Data supplied:
<<<<
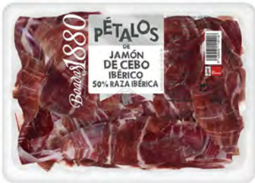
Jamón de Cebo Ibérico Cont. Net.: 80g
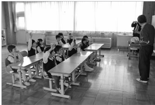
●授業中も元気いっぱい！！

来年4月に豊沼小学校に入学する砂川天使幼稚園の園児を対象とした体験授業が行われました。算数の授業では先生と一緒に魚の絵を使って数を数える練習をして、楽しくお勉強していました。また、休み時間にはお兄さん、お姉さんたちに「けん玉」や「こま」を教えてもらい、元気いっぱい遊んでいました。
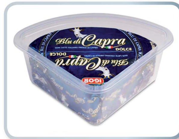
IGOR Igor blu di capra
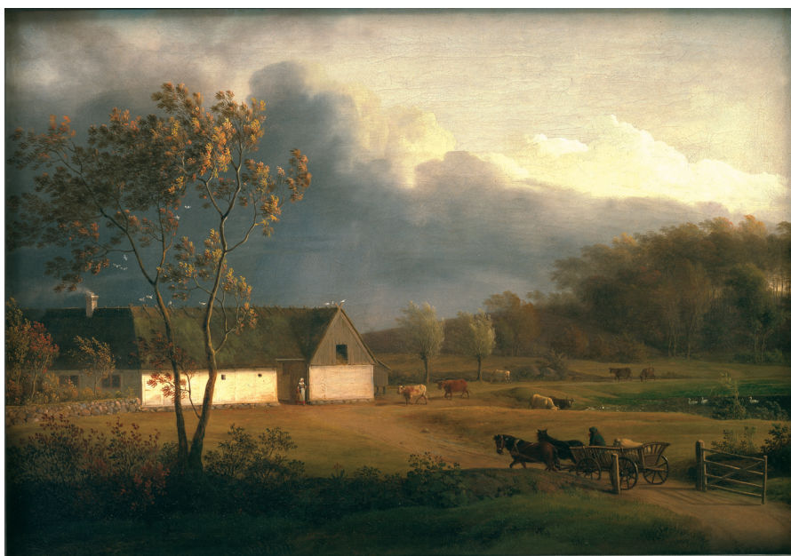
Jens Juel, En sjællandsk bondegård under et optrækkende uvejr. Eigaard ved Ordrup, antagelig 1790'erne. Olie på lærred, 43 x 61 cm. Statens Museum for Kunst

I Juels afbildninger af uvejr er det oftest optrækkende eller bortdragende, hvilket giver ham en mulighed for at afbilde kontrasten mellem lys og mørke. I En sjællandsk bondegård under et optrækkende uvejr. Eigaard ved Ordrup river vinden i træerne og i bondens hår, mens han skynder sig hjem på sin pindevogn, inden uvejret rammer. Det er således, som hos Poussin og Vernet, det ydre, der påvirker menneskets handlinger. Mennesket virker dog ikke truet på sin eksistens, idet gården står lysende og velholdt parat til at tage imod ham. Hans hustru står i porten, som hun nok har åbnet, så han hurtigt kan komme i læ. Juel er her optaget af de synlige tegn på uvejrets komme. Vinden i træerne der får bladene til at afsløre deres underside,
>>>>
Instructions to follow:
The response must restate each line of the material above exactly and contain no images.

Result of this exercise:
Jamón de Cebo Ibérico Cont. Net.: 80g
●授業中も元気いっぱい！！

来年4月に豊沼小学校に入学する砂川天使幼稚園の園児を対象とした体験授業が行われました。算数の授業では先生と一緒に魚の絵を使って数を数える練習をして、楽しくお勉強していました。また、休み時間にはお兄さん、お姉さんたちに「けん玉」や「こま」を教えてもらい、元気いっぱい遊んでいました。
IGOR Igor blu di capra
Jens Juel, En sjællandsk bondegård under et optrækkende uvejr. Eigaard ved Ordrup, antagelig 1790'erne. Olie på lærred, 43 x 61 cm. Statens Museum for Kunst

I Juels afbildninger af uvejr er det oftest optrækkende eller bortdragende, hvilket giver ham en mulighed for at afbilde kontrasten mellem lys og mørke. I En sjællandsk bondegård under et optrækkende uvejr. Eigaard ved Ordrup river vinden i træerne og i bondens hår, mens han skynder sig hjem på sin pindevogn, inden uvejret rammer. Det er således, som hos Poussin og Vernet, det ydre, der påvirker menneskets handlinger. Mennesket virker dog ikke truet på sin eksistens, idet gården står lysende og velholdt parat til at tage imod ham. Hans hustru står i porten, som hun nok har åbnet, så han hurtigt kan komme i læ. Juel er her optaget af de synlige tegn på uvejrets komme. Vinden i træerne der får bladene til at afsløre deres underside,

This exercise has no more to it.